Today on the 70th anniversary of the Nakba ('catastrophe') MAP CEO Aimee Shalan writes from Gaza: 

On 15 May we commemorate the 70th anniversary of the Nakba, when three quarters of a million Palestinians were forced to leave their homes. My father, 17 at the time and living in Haifa, was one of them. From Haifa, Safad, Yaffa, Acre, Nazareth and elsewhere, some 100,000 Palestinians fled to Lebanon and, with their descendants, have been prevented ever since from returning.  

The Palestinians of Lebanon, half of them in 12 overcrowded camps with limited essential services and poor sanitary conditions, are among the worst off in the region. My family were lucky they didn’t end up in one of these camps, whose residents are virtually condemned to poverty, marginalisation and subsequent ill-health. This community has also endured the horrors of the Lebanese Civil War, including massacres and further displacement, disappearances and hunger and so much more besides.

The Palestinians of Lebanon are of course just one segment of the Palestinian refugee diaspora. There are now 5 million Palestinian refugees registered with UNRWA, in Gaza, the West Bank, Lebanon, Jordan and Syria.  They all continue to suffer the hardships and lack of dignity associated with being refugees. 

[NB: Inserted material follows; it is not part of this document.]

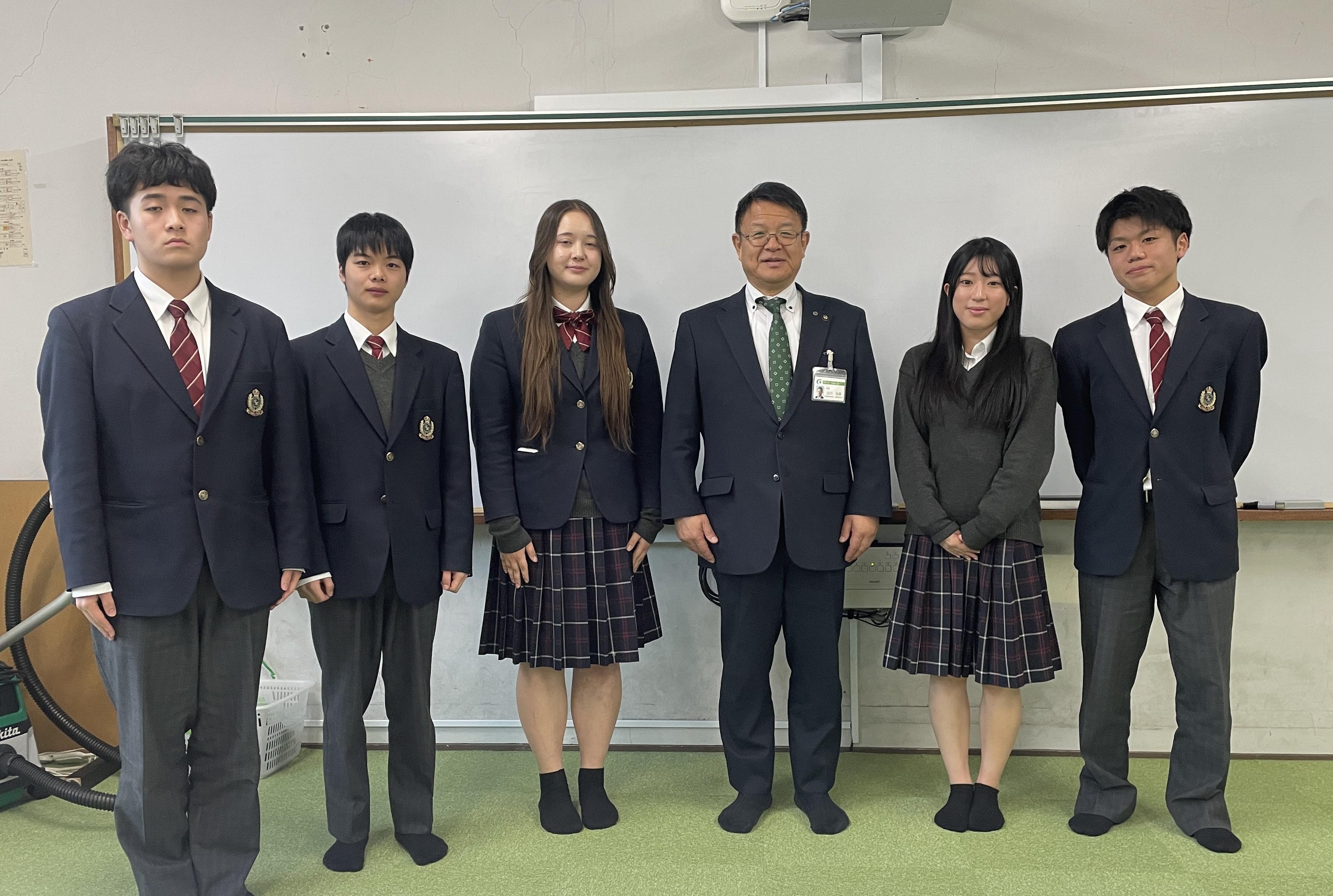 5名の生徒は、若い世代が「市の歌」に関心が低いことを課題と捉え、自らの吹奏楽による合奏で市を盛り上げたいという思いで取り組まれました。その取組みは令和3年度(当時2年生)に始まりましたが、コロナ禍によりこの度の完成報告となりました。

At MAP, we are dedicated to working for the health and dignity of Palestinians, whether as refugees or under occupation. I am proud that we have fantastic teams in Gaza, the West Bank and Lebanon working tremendously hard every day towards those goals.  But it devastates me that this work is still required.  With the death toll and number of casualties rising at such an appalling rate in Gaza today, where I write this now on 14 May, we remember the Nakba and mourn the losses suffered 70 years ago and every day since.